To create a public link, set `share=True` in `launch()`.
Startup time: 33.0s (prepare environment: 12.2s, import torch: 2.6s, import gradio: 0.7s, setup paths: 0.5s, other imports: 0.7s, list SD models: 3.1s, load scripts: 6.6s, create ui: 6.1s, gradio launch: 0.2s).
No Image data blocks found.
No Image data blocks found.
To load target model SDXLClipModel
Begin to load 1 model
Moving model(s) has taken 0.48 seconds
Model loaded in 8.4s (load weights from disk: 0.1s, forge load real models: 4.3s, forge finalize: 0.4s, load VAE: 0.8s, load textual inversion embeddings: 1.9s, calculate empty prompt: 0.8s).

Additional information

Both A1111 and Forge are located on an NVMe drive. I have tried both in regular mode and incognito mode in Chrome and Firefox, the issue is there for all cases. I have disabled ad-blockers and the issue is still there.

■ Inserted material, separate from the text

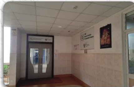
SDM Research Institute for Biomedical Sciences

magejosh commented 4 months ago

Similar slowdowns happen to generation speeds from just adding lora's to the prompt at all. Same prompt with or without lora in it takes different time to process. It's significant and noticeable if using more than one lora in the prompt. In a1111 generation times don't vary this much just because I added an extra Lora or two. For that matter, it seems to be unable to apply lora's to generations with the LCM sampler as well.